Even better: PDF Java Script stripper (http://pdfjavascriptst.sourceforge.net/) -- a Java program; should be platform-independent.

(Actually, unless you're already familiar with iText, that looks a bit intimidating... well... take your pick.)

psychomike
02-18-2010, 12:15 PM
frabjous,

first thank you for the speedy response.

after looking at pdfstripper.jar, it does not look like the tool i was hoping for. i would have to rename my before i run it, and rename it after it is run. it appears to be a wrapper around the itext class library, that is then in turn run by a wrapper around a java tool (ant). i was hoping for something a little 'cleaner' (i.e. <command> <input pdf> <output pdf> ).

(this is more of a philosophical thing. i am the lead architect on a 300k plus line java-based open source project...)

i am wondering if 'pdftk flatten' is the correct tool, as it has not been updated in quite some time (nov 2006) , and might not be 'script aware' in most cases.

looks like my choices are (in no order)


convert to a better 'print ready' format, and back again.
bite the bullet and write a program that uses the itext class myself.
(in all my copious free time not spent changing diapers, babysitting engineers - no, they are not the ones in diapers, and launching a startup.)
be the one to write the bash script that uses pdftk to flatten --> filter out java script using sed/awk/etc --> re-compress



*sigh*

and on a timely note, saw this article referenced on slashdot a few hours after i posted my plea for help:

Rogue PDFs account for 80% of all exploits, says researcher (http://www.computerworld.com/s/article/9157438/Rogue_PDFs_account_for_80_of_all_exploits_says_res earcher)


from the article:

Computerworld - Just hours before Adobe is slated to deliver the latest patches for its popular PDF viewer, a security firm announced that by its counting, malicious Reader documents made up 80% of all exploits at the end of 2009.

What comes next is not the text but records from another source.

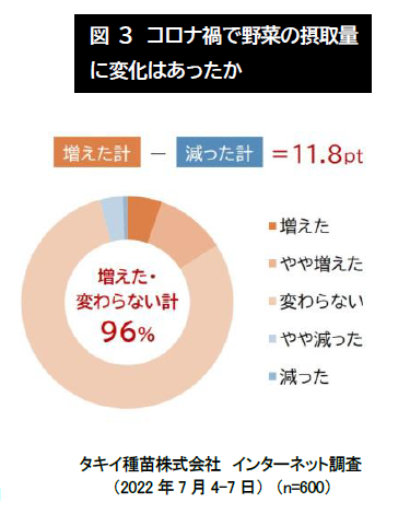生活者の野菜摂取のニーズは根強く、コロナ以降の野菜の値上がりの中でも、野菜の摂取量が「増えた」「変わらない」人が大部分を占めています(図3)。「五目焼きビーフン」をはじめとする当社ビーフン惣菜も、2022年度の売上が2020年度比200%と大幅に伸長しており、「野菜がモリモリ食べられる」価値が広く受け入れられていることがうかがえます。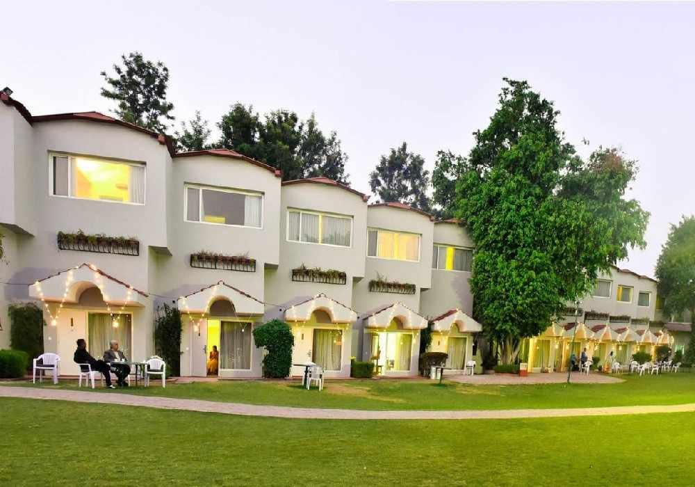 The property is designed with a blend of rustic charm and modern hospitality. With spacious lawns, tree-lined pathways, and open spaces, guests can enjoy fresh air and scenic surroundings throughout their stay. The resort is especially popular among families and corporate groups looking for a quick escape from Delhi NCR.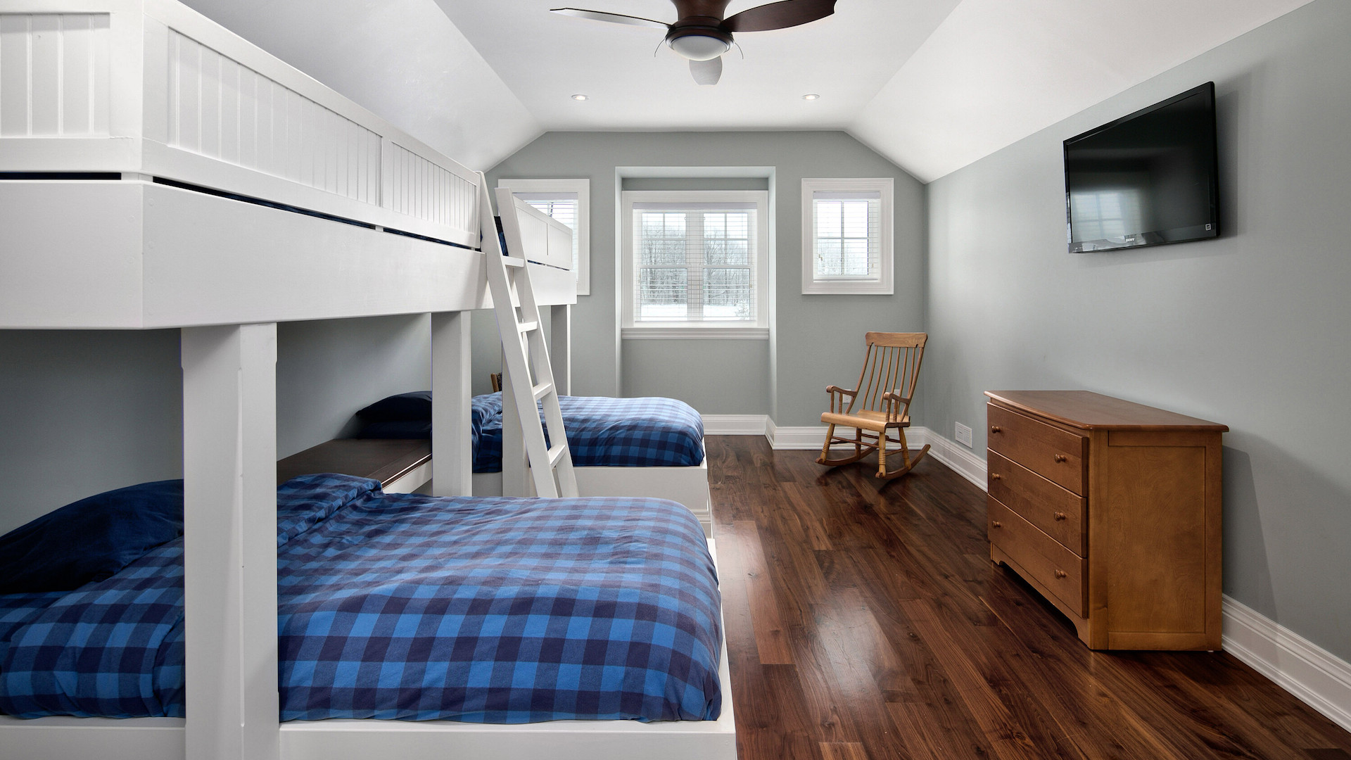 The gourmet kitchen is ready for entertaining guests after they battle it out on the rink, and the open concept living room comes with a fireplace and plenty of space to host a whole hockey team.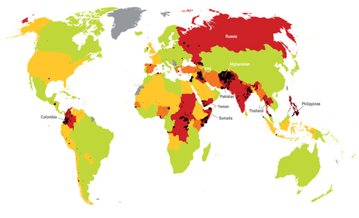 Terrorism risk assessment: Russia at "Extreme Risk", Greece at "High Risk", U. S. at "Medium Risk", Canada and Germany at "Low Risk".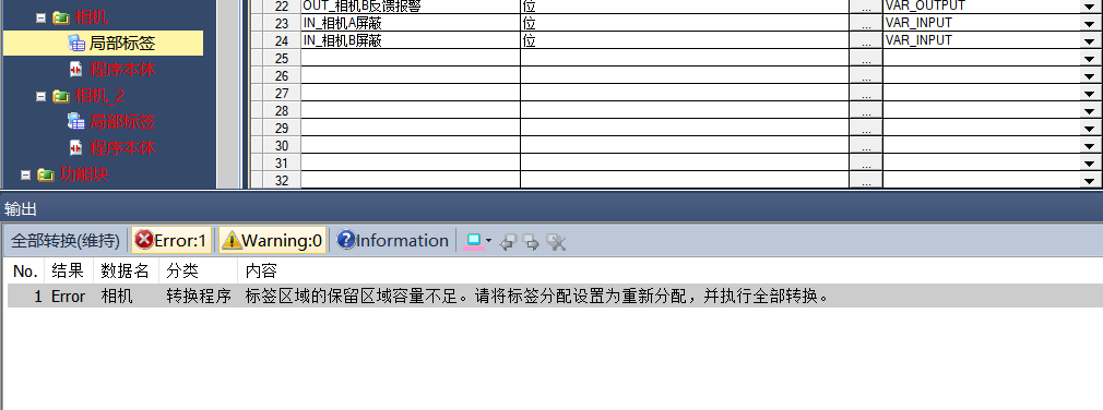 解決方法:工具-自動分配軟元件設(shè)置,分配更多的軟元件給自動分配區(qū)(注意自動分配的區(qū)間編程時不要人工調(diào)用或使用,也不要與斷電保持區(qū)間之類的重復(fù))。或減少FB所使用的標(biāo)簽。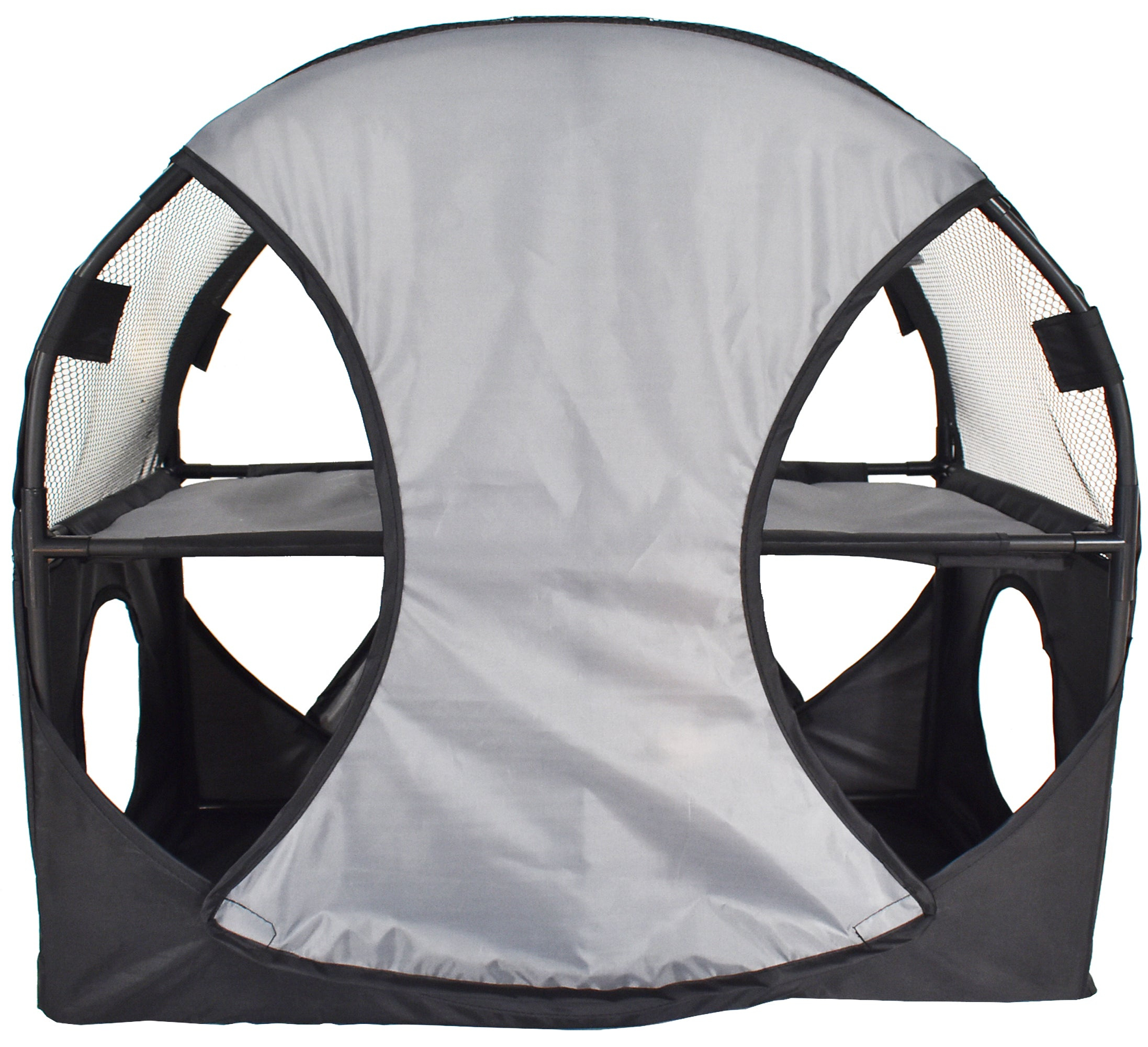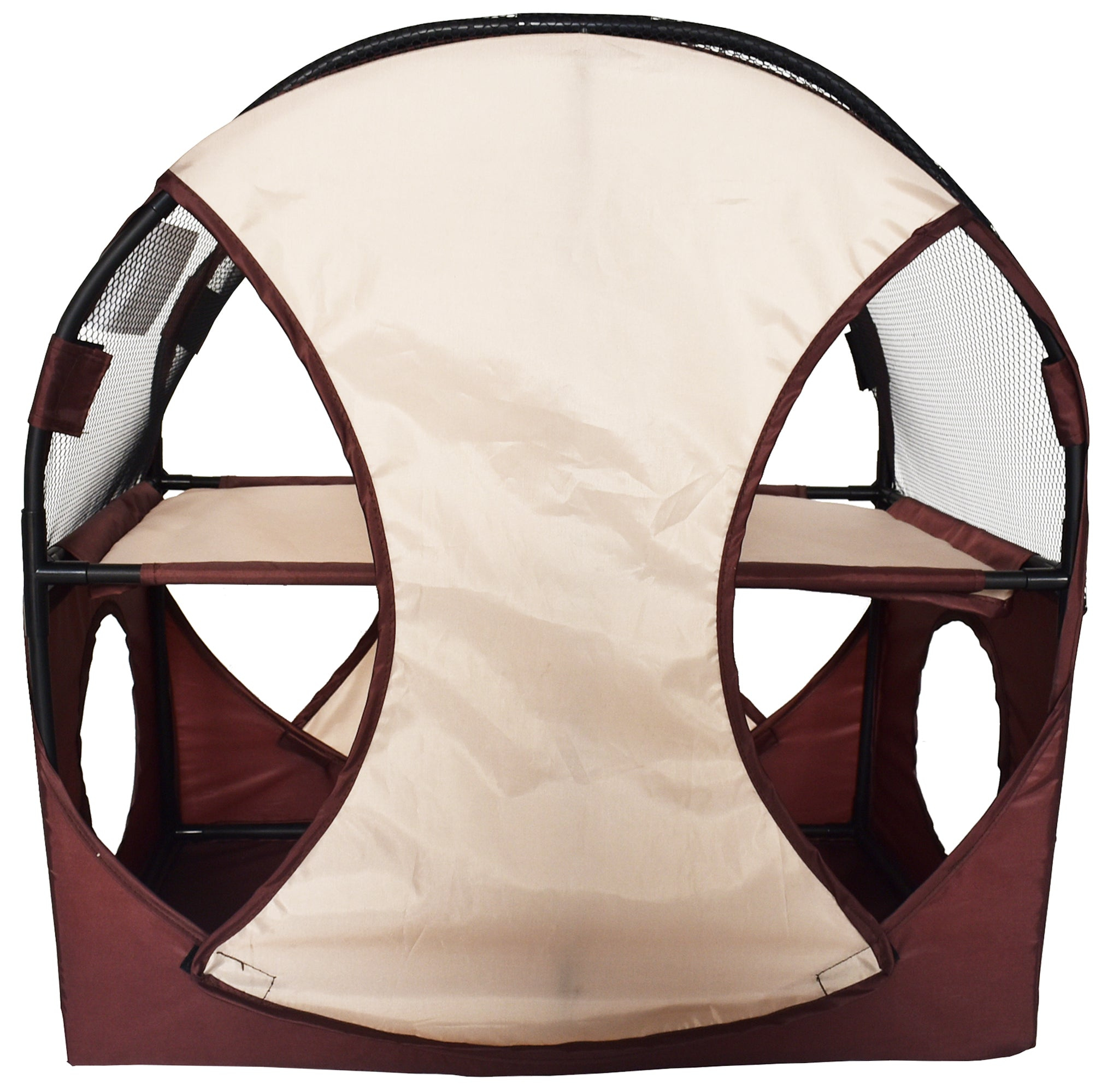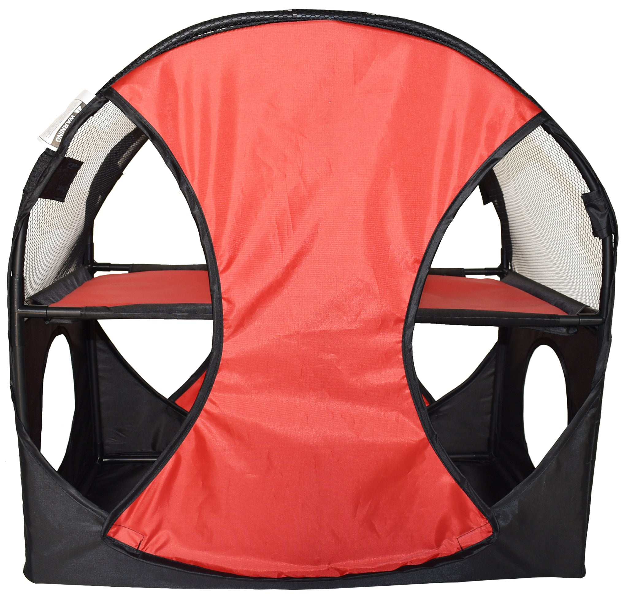 The Pet Life Kitty-Play Obstacle Travel Collapsible Soft Folding Pet Cat House is constructed with durable PU coated polyester and mesh netting all around for breathability and framed with lightweight poles for added durability. The Kitty-Play Cat House features pass-through entrances at the bottom with dual mezzanine holes for climb through passage. Easy to install and setup. Great for interactive fun and brain activity development. Heavy enough to hold over 120 lbs. of weight, and light and small enough to travel and setup. Easier for storage and a simpler alternative to those bulkier conventional heavier cat houses. Features multiple tunnels located at the interior making it great for multiple cats. Available in multiple colors.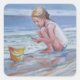 Adesivo Quadrado Menina beachcomber com balde amarelo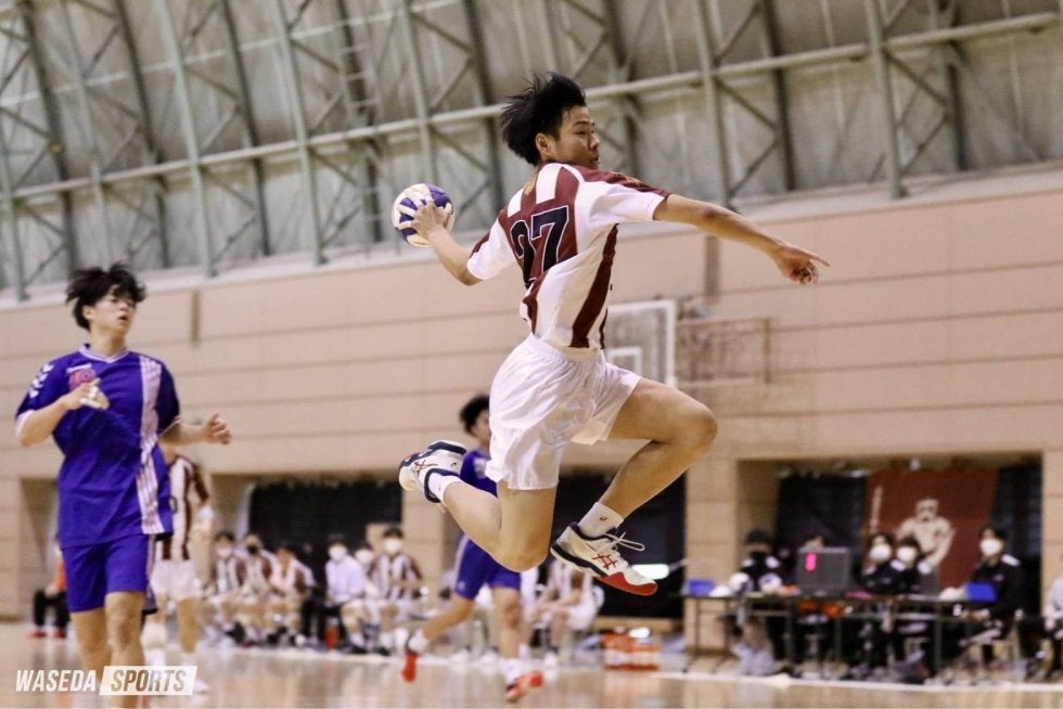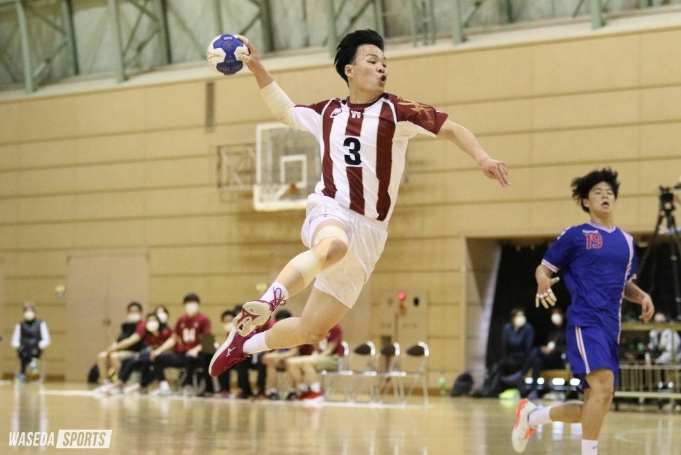 「勝因は1年生」と永橋優太朗主将(スポ4=千葉・市川)が振り返ったように、1年生の活躍が勝利を手繰り寄せた。試合開始直後から、早大のアグレッシブなディフェンスが見られた。攻撃では永橋主将のシュートを皮切りに5連続得点をあげ、理想的なスタートを切る。そして前半18分、1年生の外種子田崚汰(スポ1=鹿児島・国分)が速攻から公式戦初得点をあげ、続けて見事なループシュートを決めると早大ベンチはひときわ大きな盛り上がりを見せた。相手の攻撃も徐々に機能し始める中、1年生がチームに勢いをもたらし11-9で前半を折り返した。

According to ScanSafe of San Bruno, Calif., vulnerabilities in Adobe's Reader and Acrobat applications were the most frequently targeted of any software during 2009, with hackers' PDF exploits growing throughout the year.

In the first quarter of 2009, malicious PDF files made up 56% of all exploits tracked by ScanSafe. That figure climbed above 60% in the second quarter, over 70% in the third and finished at 80% in the fourth quarter.


looks like i need this tool more than ever !

-michael

frabjous
02-18-2010, 03:27 PM
Couldn't you automate the renaming and the rest of it with a bash script (or python/perl/sh, etc.)?

Well, if you do decide to write something yourself, let us know!

The other methods I mentioned are probably good enough for my purposes.

What is this open source project if I may be nosy?